The Random Token Problem
One methodological finding deserves particular attention for anyone building their own evaluation infrastructure. SPEED-Bench documents that using random tokens as benchmark inputs systematically overestimates throughput by approximately 23% when speculative decoding is enabled.
The failure mode is subtle. When a model receives random token sequences as input, it either defaults to predictable acknowledgment responses (which inflates acceptance length because the outputs are low-entropy and easy to draft) or anchors to a specific keyword and generates coherent-looking text in response to noise (which deflates acceptance length but in a non-representative way). Neither behavior resembles what happens with real prompts. Additionally, random tokens do not trigger realistic expert routing in Mixture-of-Experts models, making throughput measurements inaccurate even without speculative decoding involved.
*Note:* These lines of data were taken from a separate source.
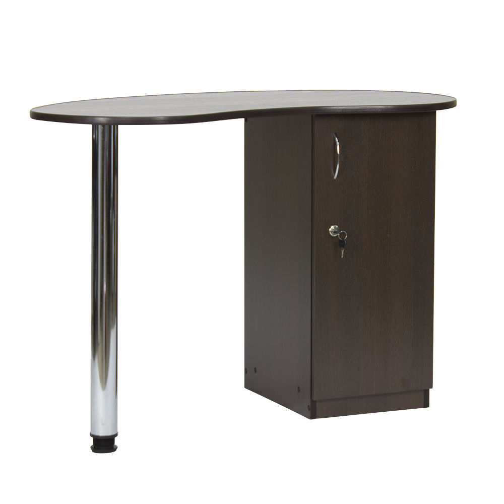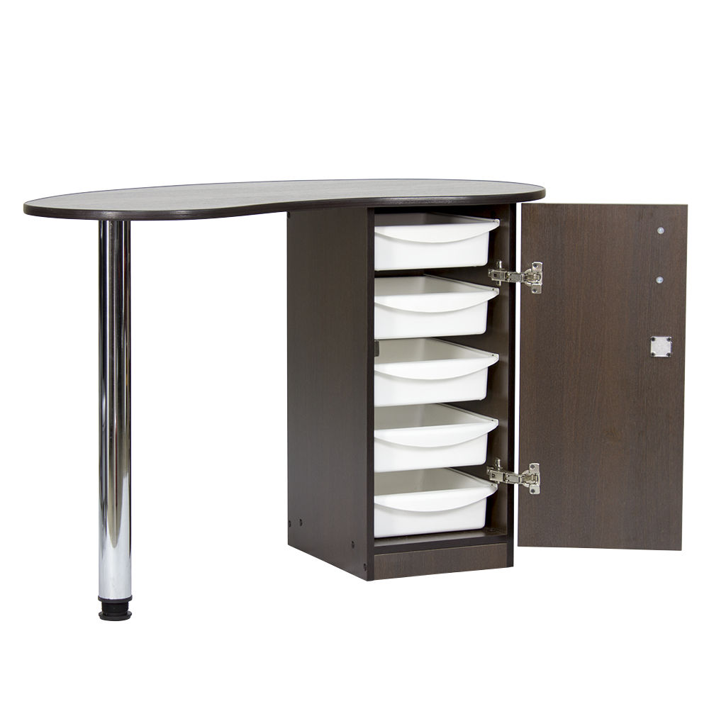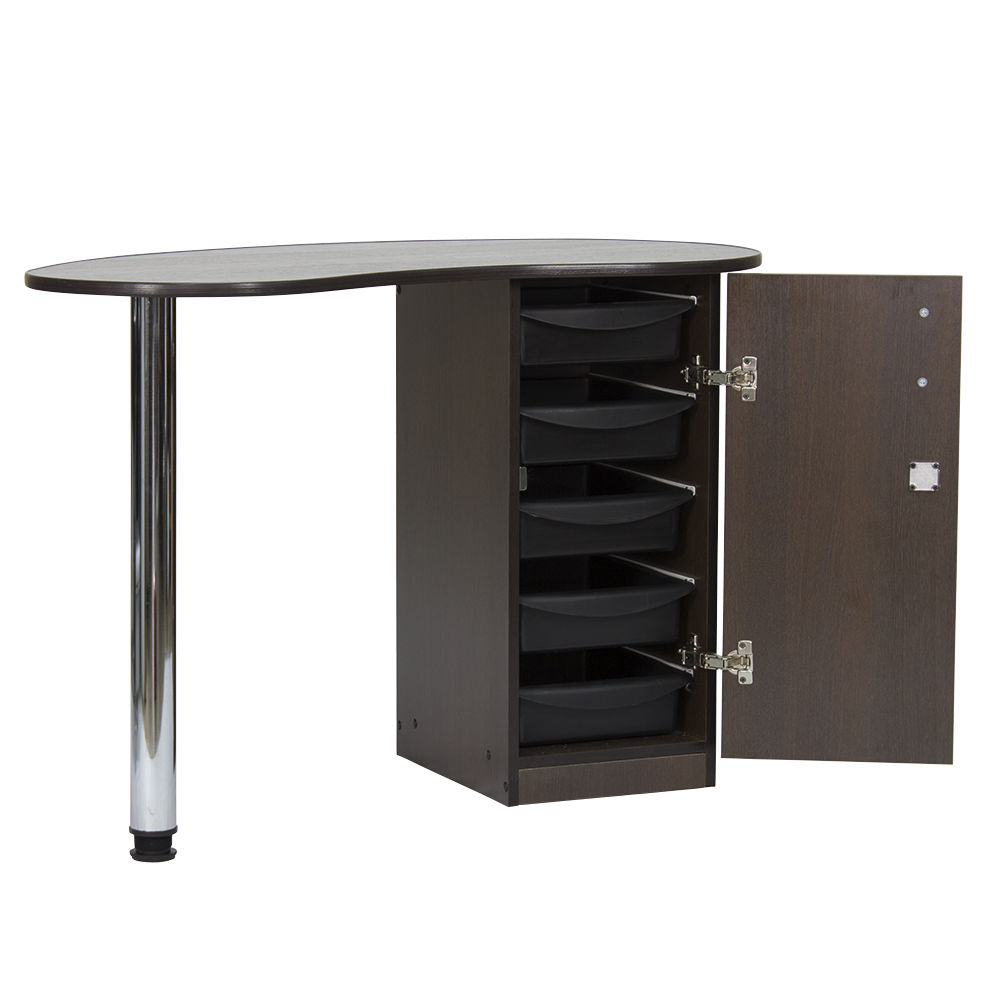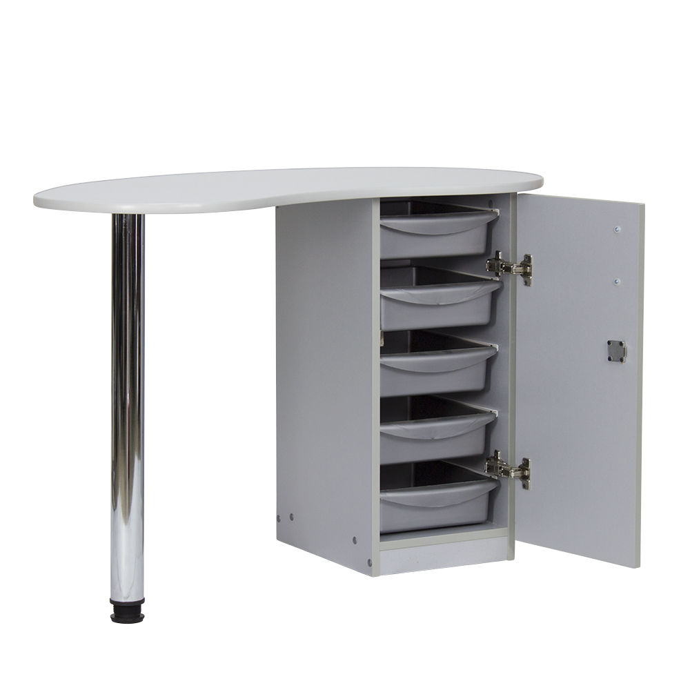 Производитель: Компания МЭДИСОН.Комплектация: столешница, тумба с ящиками под ключ, ножка на опоре. Характеристики: Столешница: износостойкая ЛДСП с защитной окантовкой против влаги. Тумба: ЛДСП с влагостойкими свойствами. Ящики: прочный пластик, 5 штук. Цвет ящиков: белый, зеленый, оранжевый, красный, фиолетовый, серый, черный. Ножка: из прочной хромированной стали, на подпятнике. Маникюрный стол КАТРИН Next станет функциональным дополнением рабочего места и стильной частью интерьера салона красоты. Столешница имеет форму капли. На широкой стороне столешницы мастер может поставить аппараты для маникюра, стойку с лаками, лампу и прочие аксессуары. Узкая сторона открывает легкий доступ к рукам клиента. С вместительными ящиками каждый предмет для маникюра будет лежать на своем месте. Переместить стол не потребует особых усилий, ведь под тумбой есть встроенные маневренные колеса. Столешница и тумба изготовлены из качественной ЛДСП. Материал устойчив к воздействию химических веществ и ежедневная чистк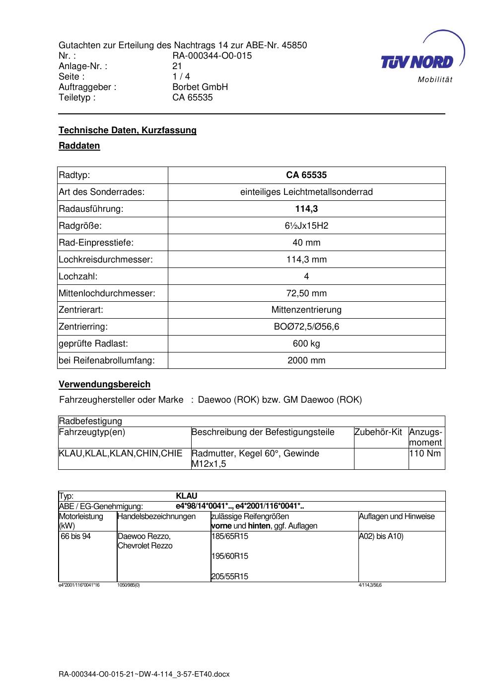 Dieses Gutachten (abe) bezieht sich auf die Alufelge brand-borbet CA 65535 in der Ausführung ET 0, Mittenloch 0 mm (KBA 45850). Im PDF findest du typischerweise zulässige Reifengrößen, Auflagen/Anbauhinweise und – je nach Dokument – Hinweise zur Eintragung.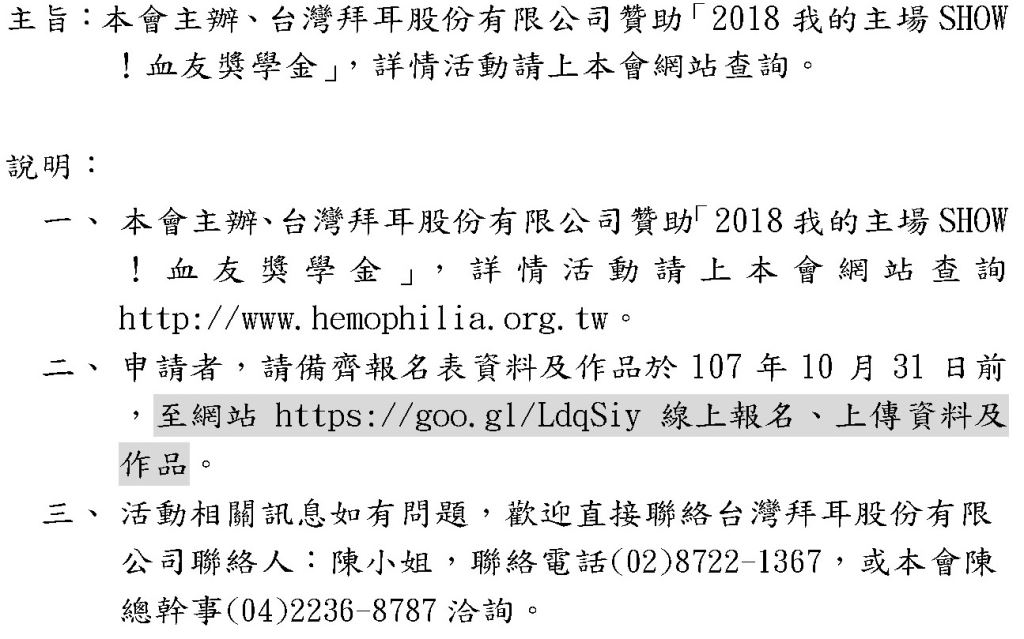 依社團法人台灣省關懷血友病協會107年10月5日血友鈿字第107051號函辦理。

This matters because synthetic benchmarks that use random or templated inputs to control ISL will produce acceptance length and throughput numbers that do not transfer to real workloads. SPEED-Bench handles ISL control through deterministic truncation and padding of real prompts, preserving semantic content while hitting the target sequence length.
What This Means for Infrastructure Engineers
If you are deciding whether to enable speculative decoding in a production deployment, the honest answer from SPEED-Bench is that it depends heavily on your workload and your serving regime. Coding-heavy workloads with low batch sizes benefit substantially. Mixed-domain chat endpoints at high concurrency are more complex, and the gains may be smaller than benchmark papers suggest.
The benchmark and its measurement framework are both open. The qualitative and throughput dataset splits are available at nvidia/SPEED-Bench on HuggingFace. The framework integrates with TensorRT-LLM, vLLM, and SGLang, so you can run it against your actual serving stack with your actual model, rather than trusting that someone else’s benchmark on different infrastructure will generalize.
That last point is probably the most important takeaway. Speculative decoding is not a universal accelerator. It is a workload-dependent optimization with a complex interaction between domain, concurrency, system software, and draft strategy. Any benchmark that does not capture that interaction is not measuring speculative decoding; it is measuring a best case.